Books

Women Are Only Allowed 100 Words Per Day In This Terrifying Dystopian Novel

by Sadie Trombetta
Penguin Random House

Women have a reputation for talking too much — one very much rooted in sexism. You don't have to look very hard in pop culture to find jokes about husbands who will do anything to avoid listening to their wives. From the early years of I Love Lucy and The Honeymooners to more recent episodes of shows like Modern Family and Blackish, viewers can see the same old bits about rambling women and the men who are tired of hearing their voices. But the assumption also transcends television and shows up in every day life, especially in the business world. In 2017, former Uber board member David Bonderman said that having more women on the board would mean more talking, a sexist comment that eventually lead to his resignation.

While it is true women talk more than men in private — with their friends and family, women tend to speak at greater length and about more personal subjects, according to researcher and author Deborah Tannen — women actually talk far less than men in public. Researchers Barbara and Gene Eakins conducted a study on gender and discourse and found that during meetings, men spoke more often and longer than women. In fact, the longest comment made by a woman was shorter than the shortest comment made by a man. Still, women have a reputation for being chatterboxes, a trait viewed very negatively in American culture, and as such, are constantly being told to relax, pipe down, and shut up.

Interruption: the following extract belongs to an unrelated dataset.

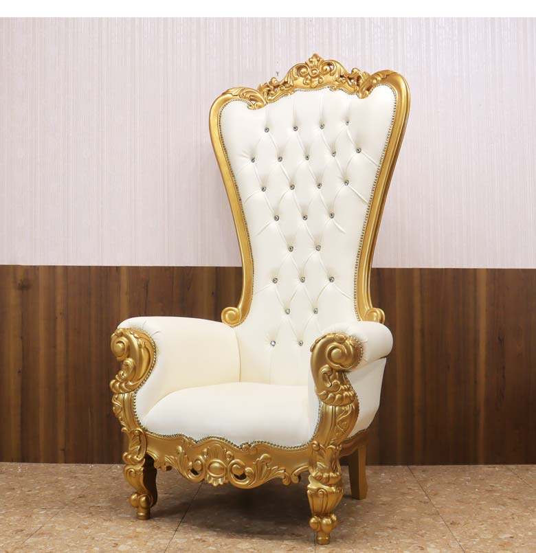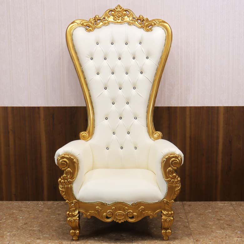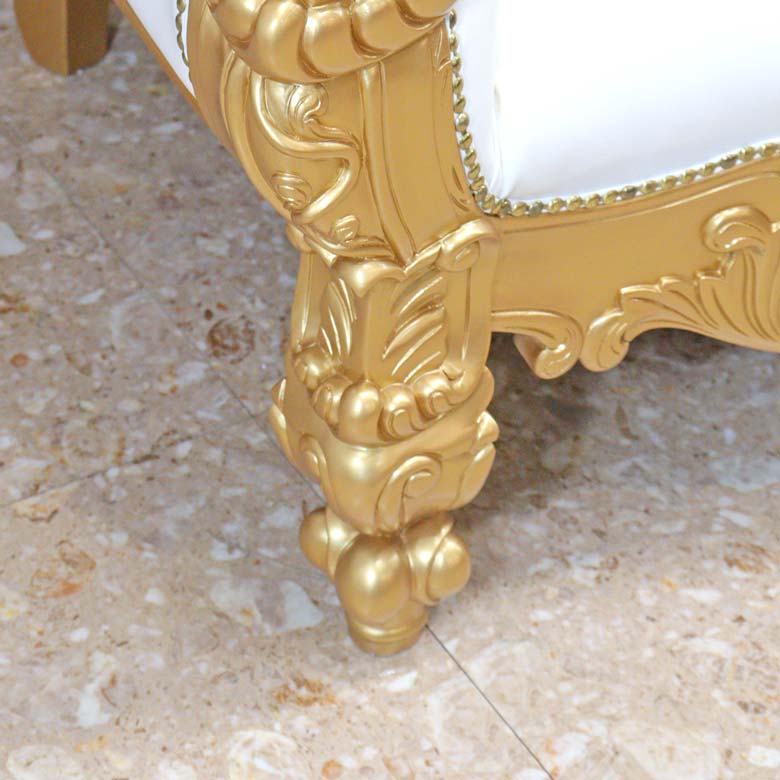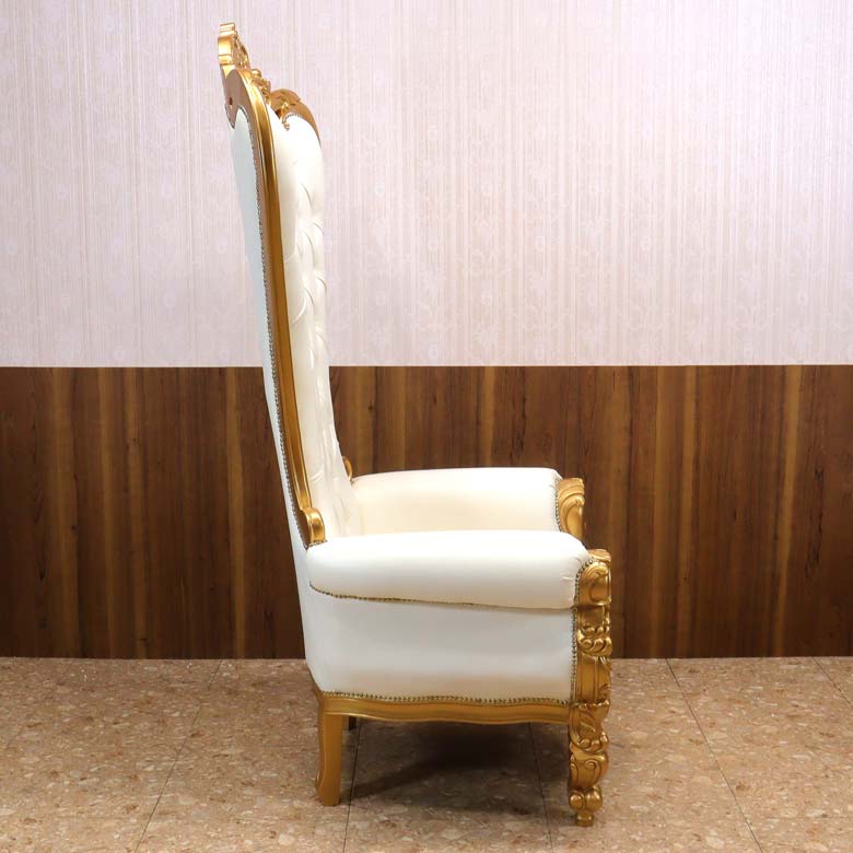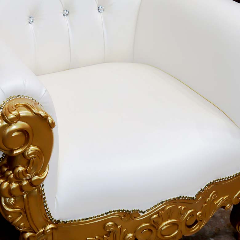 女王様の椅子 クイーン チェア ホワイト ゴールド アンティーク ハンドメイド仕上げ

There is a long history of patriarchal societies attempting to silence women. But what would happen if they succeeded, if women were in fact limited in not only what they could say, but how often they could speak? That terrifying reality is the premise of Christina Dalcher's Vox, a chilling dystopian novel that imagines a world in which women are limited to speaking just 100 words a day.

Vox by Cristina Dalcher, $17, Amazon

"This is how things are now: We have allotments of one hundred words a day," explains Dr. Jean McClellan, the narrator of Vox and the character through which readers experiencing the chilling world it contains. "My books, even the old copies of Julia Child and — here's the irony — the tattered red-and-white-checked Better Homes and Gardens a friend decided would be a cute joke for a wedding gift, are locked in the cupboards so Sonia can't get at them. Which means I can't get at them either. Patrick carries the keys around like a weight, and sometimes I think it's the heaviness of this burden that makes him look older."

A married mother of four who, in a former life before the government and the entire country was hijacked by a fundamentalist movement, was a successful cognitive linguist at the very top of her field, Jean is struggling to exist in a new world that keeps track of the amount of words women speak and punishes those who go over their limit. Led by Reverend Carl, the Pure Movement has reshaped the United States into a place where women are prohibited from holding jobs, having bank accounts, writing, reading, studying academic subjects like biology or mathematics, or saying more than a mere 100 words a day. Trapped in her house all day long where she works as a wife, mother, and housekeeper, Jean longs for a freedom she once knew — one she has no hope, and no real plan, of regaining.

What is even more terrifying for Jean is the fact the silence has also been forced upon her young daughter, Sonia, who has known little else but this crushing reality. "It's frightening what she's grown to accept as normal," she says. Worse still, her three sons and her own husband seem to accept the new normal, and actively support its continued restrictions on women.

When the President's older brother, one of the most influential members of the Pure Movement, is in a skiing accident that damages the part of his brain that controls language, Jean gets a chance to use her voice. Forced out of her mandatory retirement, she is asked to work on a cure to save him and give him the ability to speak again. But what will she do with her newly regained voice, and what length is she willing to go to in order to keep it?

A searing dystopian novel that reads like a pulsing thriller, Dachner's thought-provoking debut serves as a kind of call to action to those whose privilege has made it easy for them to stay silent. "'We're on a slippery slide to prehistory, girls,'" Jean's friend and former college roommate warns the women in the book as well as those reading it. "'Think about it. Think about where you'll be — where your daughters will be — when the courts turn back the clock. Think about words like 'spousal permission' and 'paternal consent.' Think about waking up woke morning and finding you don't have a voice in anything.'" What would you do to protect your power to speak? After reading Vox, you might find your answer surprises you.